The next forty years will be ones of great change. That may be amongst the most generic (some will say ‘globe’) statements you’ll even come across, but in the agri-business world, it's a particularly prescient summary of what is to come.
We all know that our population as a race has been increasing rapidly, it’s blared across to us in our classrooms, in our media, and in innovative ads for a particular 3G service. The rather logical extension of that thought is that a growing population needs to eat. What we eat, and how much we eat is closely related to what we can grow, how much we grow, and how many people can afford it. Amartya Sen’s Food Aggregate Demand theory, the one that won him a Nobel Prize in Economics, explained how even in times when the food supply is abundant, if people cannot afford food, artificial famine will ensue. Today we are seeing a sort of inverse of this theory taking hold; in a burgeoning middle class with a new found hunger for better food, and the money to demand it, we see a rise in the demand for more exotic foods such as Goji berries and Broccoli, as well as a newfound preference for better varieties of existing produce.
In short, the people want more to eat, more choices in what they eat, and to eat better food. To meet this growing demand, new food has to come in to the system, but from where exactly is a billion dollar question.
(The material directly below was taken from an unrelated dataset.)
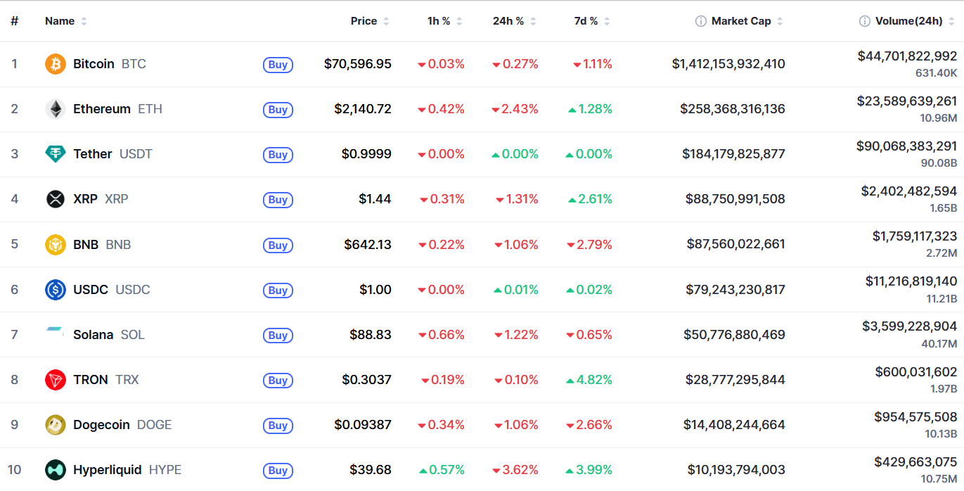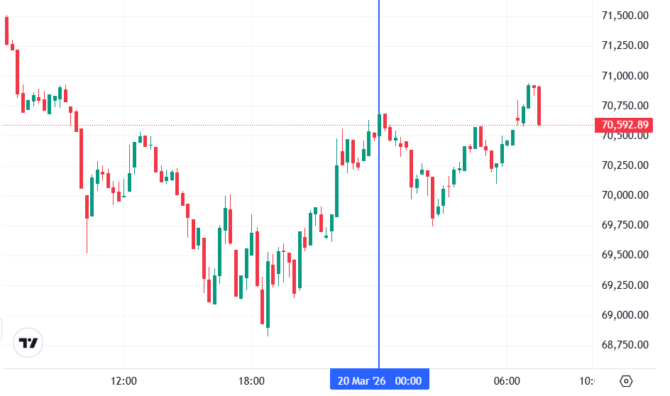 Биткоин (BTC), по данным ресурса TradingView, начал день с бокового движения. По состоянию на 07:42 (МСК), криптовалюта торгуется по $70 592 (1 токен в рублях — ₽6 092 576). Минимум биткоина за 24 часа — $68 805, максимум — $70 951.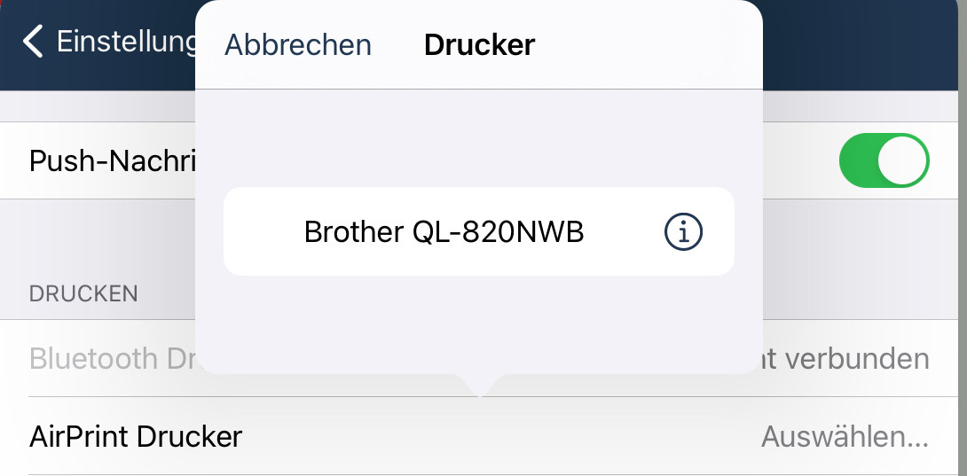 • "AirPrint Drucker": Wählen Sie hier verfügbare Drucker aus

It’s worth observing that as population pressure accelerates as it is predicted to, the stress on existing resources will only ever grow, and there is already a branch of thought that believes that our current agricultural output is coming at the cost of the future fertility and productivity of the soil, so just how future growth is attained is a very serious question. For the record, some interesting ideas that have been offered as long term solutions include growing food in vertical farms (think transparent skyscrapers as farms), growing food in what could be described as a spaceship, and just growing normal food more sustainably. At some level the organic food movement tried to follow that third path.
As a good marketer or entrepreneur knows, a demand unfulfilled is money passed by. Till now, most of the business world has been content with leaving the status quo intact, and not taking any major effort to reform the agricultural sector, both due to a lack of infrastructure, and also because of the risk inherent in agriculture. In ‘first’ world nations, agriculture is largely mechanized, and the output per farmer and farm is high, allowing economies of scale in the supply chain. In less developed nations such as India, until farmers can be linked and co-ordinate their efforts, economies of scale will continue to elude us as a nation.
A revolution is coming, one that will decide how tomorrows society grows, and we will be the generation to witness it. A stable and nutritious food supply is the foundation our entire civilisation, since the Sumerians to the sultans to our senate. As resources dwindle, the most basic ones like food and water will be what the next wars are fought over, unless of course, a revolution in the fields precedes one in the streets.